About the only thing you don't multiply is the yeast. All the rest really do take 6 times as much.


----------



## RkyMtnWine (Jan 15, 2009)

Thanks appleman... got my hands on 15# of fresh blueberries... got to put them to good use... looking to make a full bodied batch.


----------



## grapeman (Jan 15, 2009)

Where did you find fresh blueberries this time of year? SOund good.


----------



## RkyMtnWine (Jan 15, 2009)

well, fresh blueberries.. Bleuets from Santiago, Chile.
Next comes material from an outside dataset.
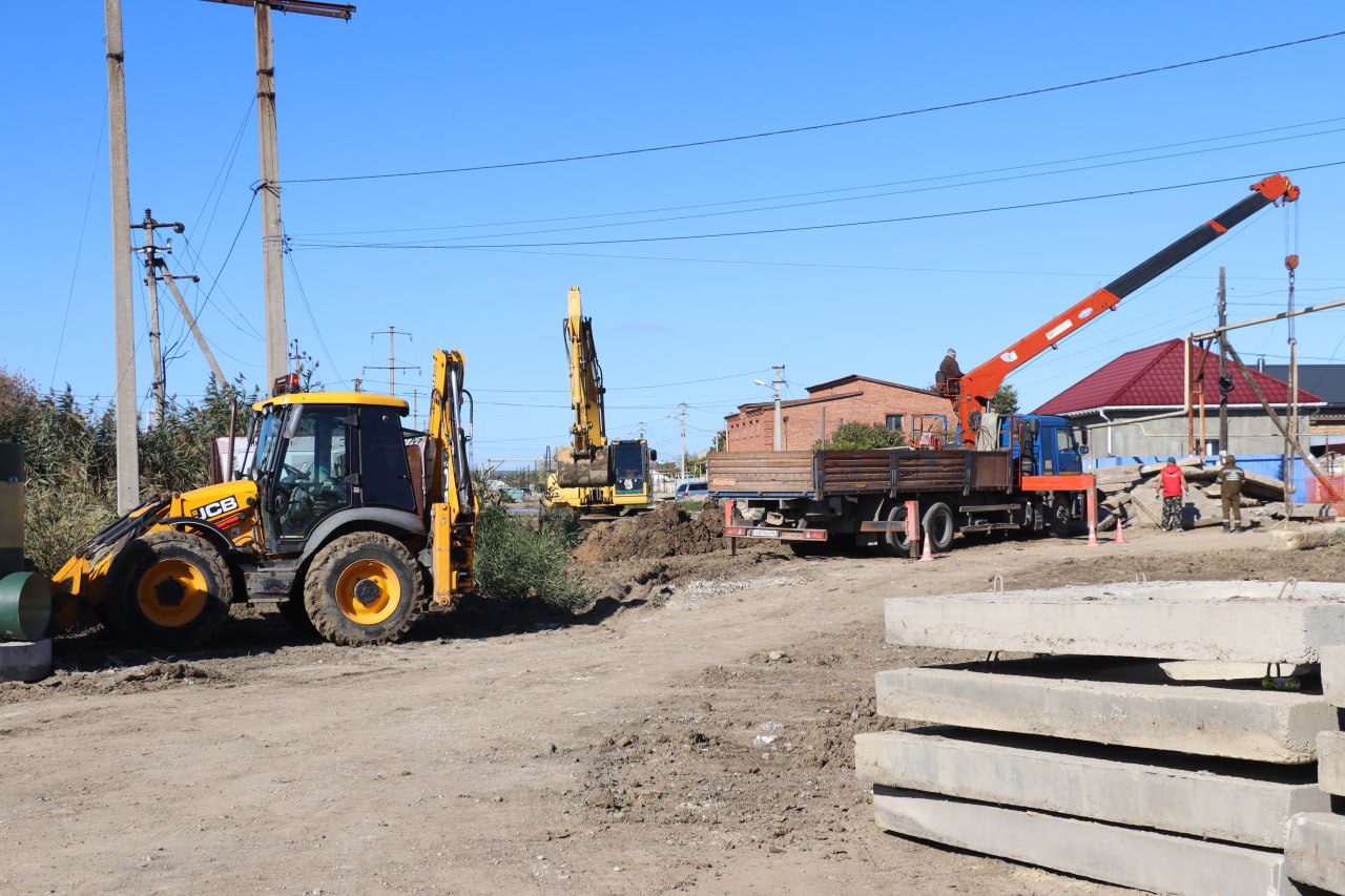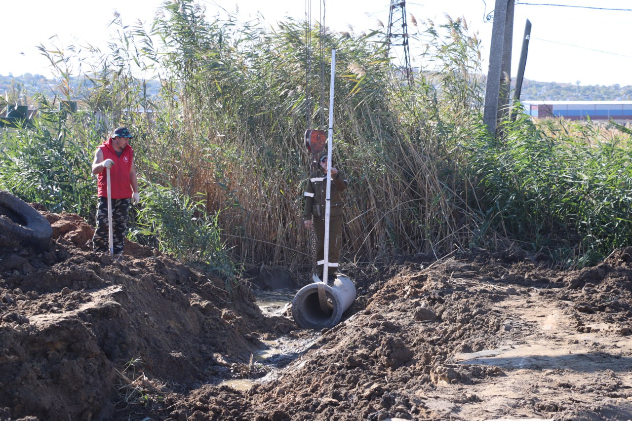 С помощью тяжелой техники сотрудники Службы городского хозяйства выкопали траншею, в которую закладывают трубы. По ним вода из бетонных лотков будет уходить в противоположном направлении от жилого массива.
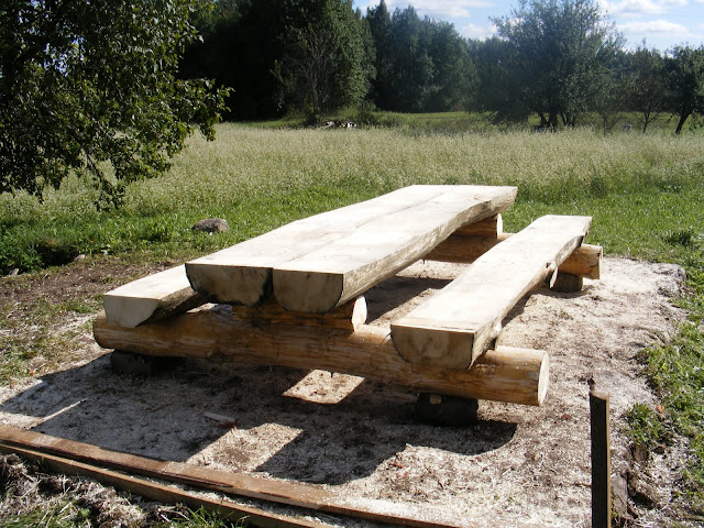 isegi magamiseks ei jäänud tihtipeale aega. Alguses plaanisin ühe katuse ära teha, aga kuna laastu oli võimatu nii kiiresti saada otsustasin hoopis Ruusmäel midagi kasulikku teha. Nii sai otsustatud ehitada sinna üks väli laud koos pinkidega. Mõeldud tehtud. Esmalt tuli muidugi metsa suunduda ja sealt vajalik materjal muretseda. Hiljem need saekaadris parajaks lõigata ja lõpuks kokku sobitada. Sellele kulus päris mitu päeva ja täielikult valmis see ei saanudki. Lihvimine jäi järgmisesse aastasse.

Maybe not so fresh




... but they looked and tasted good.Got them at local grocery. $1.88 for 11oz.


----------



## RkyMtnWine (Jan 23, 2009)

Prepared the primary.. ended up with 17# of blueberries for th 6 gallon batch.. used 10# of invert sugar and 2# of raw wildflower honey. Also added 2 ripe bananas. Acidity right now is .45%... will adjust that to .6% before i add the yeast.. sg is 1.091. Not sure which yeast i should use since i added the honey.. see quite a few options in the forum. This is what i have on hand.



Red Star Montrachet

Lalvin D47

Lalvin EC-1118

Lalvin RC-212

Lalvin 71B-1122

Any input on which one to use would be greatly appreciated.


----------



## grapeman (Jan 23, 2009)

I would use either the 212 or the 1122. I would lean towards the 71B-1122 myself.


----------



## RkyMtnWine (Jan 24, 2009)

thanks appleman.. followed your suggestion and used 1122. Prepared a yeast starter 5pm last night and piched it at 9pm. This morning i see its starting to do its job. Will be staging the energizer and nutrient.


----------



## uavwmn (Jan 24, 2009)

Ok, 5# 4#. What does the "#" mean? Bags? Numbers?


----------



## RkyMtnWine (Jan 24, 2009)

pounds.


----------



## uavwmn (Jan 24, 2009)

Thanks Rocky.


----------



## RkyMtnWine (Jan 24, 2009)

your welcome uavwmn. Had fun getting this recipe together.. did internet search on blueberry recipes.. compliled about 20.. tossed out about 10 of those because they were so off the wall... did a comparison of all the rest and used an average for the ingredients.. only deviation was using the 2# of Honey. Think i will take pics and post this in the recipe section.


----------



## uavwmn (Jan 24, 2009)

RkyMtnWine, change 99, going to do the strawberry wine recipe that BDKS is currently making. It is a 1 gal recipe and seems clear cut to me. Your blueberry wine sounds delicious!!! If the strawberry turns out decent I will try the blueberry.


Thanks for the help.


----------



## RkyMtnWine (Jan 24, 2009)

strawberry was my first wine... bottled that November 08. tastes a little on the flat side.. did not have acid test kit at the time so was relying on the recipe. Hopefully aging will help.


----------



## RkyMtnWine (Jan 25, 2009)

Looks like I am trying to make a 7 gallon batch with 6 gallon recipe.. Dummy me, when topping up to the 6 gallon mark.. dont forget to leave room for the pulp bag.. This is the blueberry batch.

<DIV =mediaContainer>


----------



## uavwmn (Jan 25, 2009)

RkyMtnWine, I do not have an acid test kit either. Should I get one?


----------



## RkyMtnWine (Jan 25, 2009)

absolutely.... i have one now... wish i had it from the beginning... George has those and quite reasonable. You need to know where your at on your acidity... also good idea to get the ph accuvin test strips.. easy to use.


----------



## uavwmn (Jan 25, 2009)

Rky, ok, good to know. Will order those today.


----------